■ **Activity**: Each entry is to be repeated word for word, and the images are to be dropped.

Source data
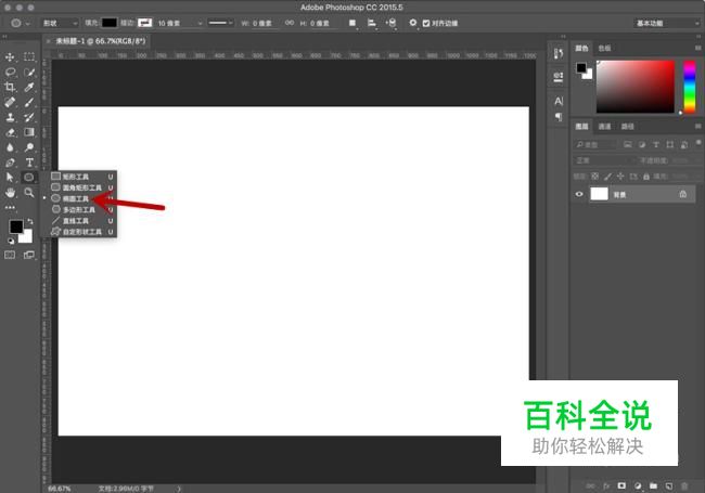 在左侧工具栏中,右键点击“矩形工具-椭圆工具”
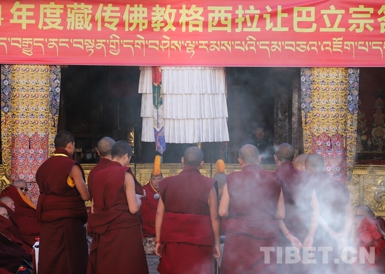 當(dāng)日上午9時(shí),立宗答辯儀式正式開(kāi)始,儀式由藏傳佛教學(xué)經(jīng)僧人考取格西拉讓巴學(xué)位考評(píng)委員會(huì)主持。按照傳統(tǒng)慣例,先舉行無(wú)齋佛事活動(dòng),在考評(píng)委員會(huì)的監(jiān)考下,應(yīng)考格西拉讓巴學(xué)位的12名考僧輪流答辯陪考僧眾所提有關(guān)《釋量論》《般若學(xué)》《中觀學(xué)》《俱舍論》《戒學(xué)》五部經(jīng)典方面的內(nèi)容。立宗答辯儀式結(jié)束后,所有參加答辯儀式的僧人集體誦經(jīng)祈禱,同時(shí)供齋茶齋飯。齋后,由西藏自治區(qū)宗教局負(fù)責(zé)人代表西藏自治區(qū)政府向參加答辯活動(dòng)的僧人發(fā)放布施。
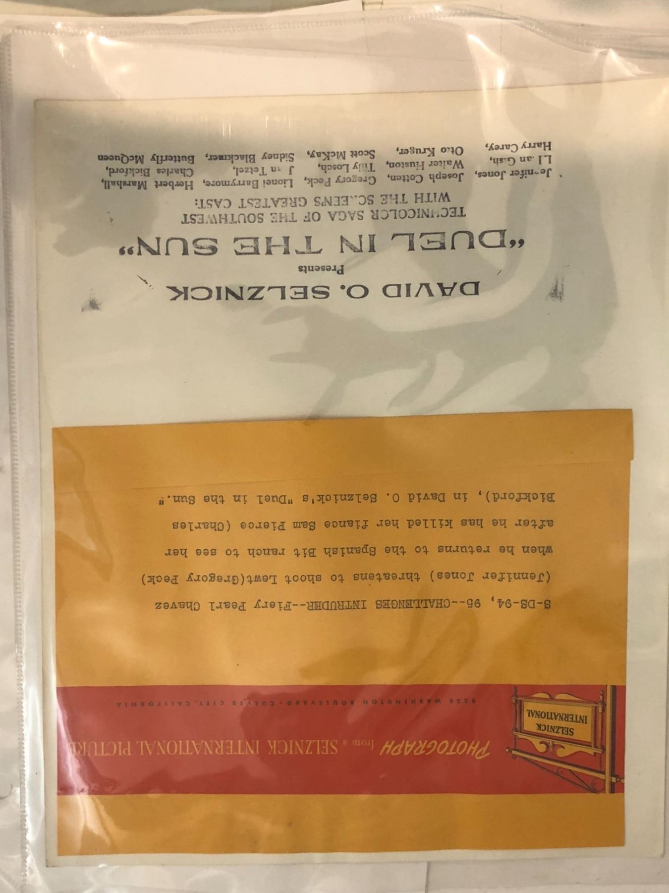 Duel in the Sun photos. Duel in the Sun (nicknamed Lust in the Dust) is a 1946 American psychological Western film directed by King Vidor, produced and written by David O. Selznick, which tells the story of a Mestiza (half-Native American) girl who goes to live with her white relatives, becoming involved in prejudice and forbidden love. The photos include the actors and actresses: Jennifer Jones, Gregory Peck , Walter Huston,
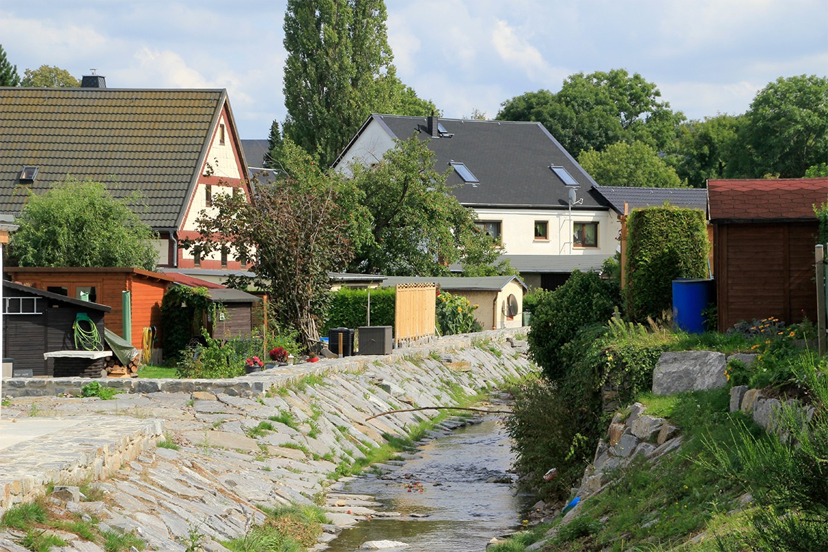 - innerstädtischer Hochwasserschutz entlang des Pleißenbaches auf einer Länge von ca. 150 m
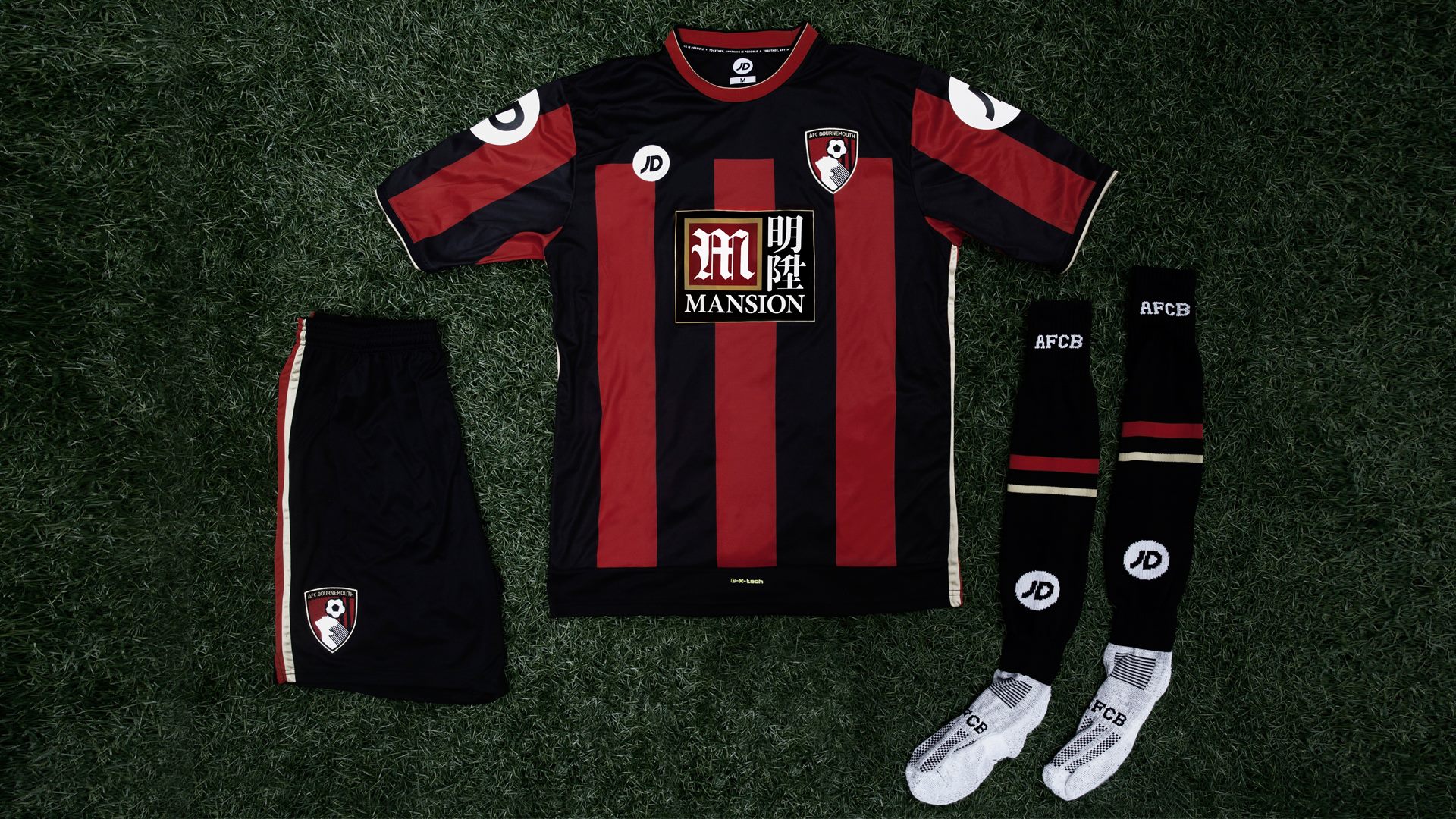 - O caçula Bournemouth usa uniformes com a marca da loja JD Sports.

■ **Result below**:
 在左侧工具栏中,右键点击“矩形工具-椭圆工具”
 當(dāng)日上午9時(shí),立宗答辯儀式正式開(kāi)始,儀式由藏傳佛教學(xué)經(jīng)僧人考取格西拉讓巴學(xué)位考評(píng)委員會(huì)主持。按照傳統(tǒng)慣例,先舉行無(wú)齋佛事活動(dòng),在考評(píng)委員會(huì)的監(jiān)考下,應(yīng)考格西拉讓巴學(xué)位的12名考僧輪流答辯陪考僧眾所提有關(guān)《釋量論》《般若學(xué)》《中觀學(xué)》《俱舍論》《戒學(xué)》五部經(jīng)典方面的內(nèi)容。立宗答辯儀式結(jié)束后,所有參加答辯儀式的僧人集體誦經(jīng)祈禱,同時(shí)供齋茶齋飯。齋后,由西藏自治區(qū)宗教局負(fù)責(zé)人代表西藏自治區(qū)政府向參加答辯活動(dòng)的僧人發(fā)放布施。
 Duel in the Sun photos. Duel in the Sun (nicknamed Lust in the Dust) is a 1946 American psychological Western film directed by King Vidor, produced and written by David O. Selznick, which tells the story of a Mestiza (half-Native American) girl who goes to live with her white relatives, becoming involved in prejudice and forbidden love. The photos include the actors and actresses: Jennifer Jones, Gregory Peck , Walter Huston,
 - innerstädtischer Hochwasserschutz entlang des Pleißenbaches auf einer Länge von ca. 150 m
 - O caçula Bournemouth usa uniformes com a marca da loja JD Sports.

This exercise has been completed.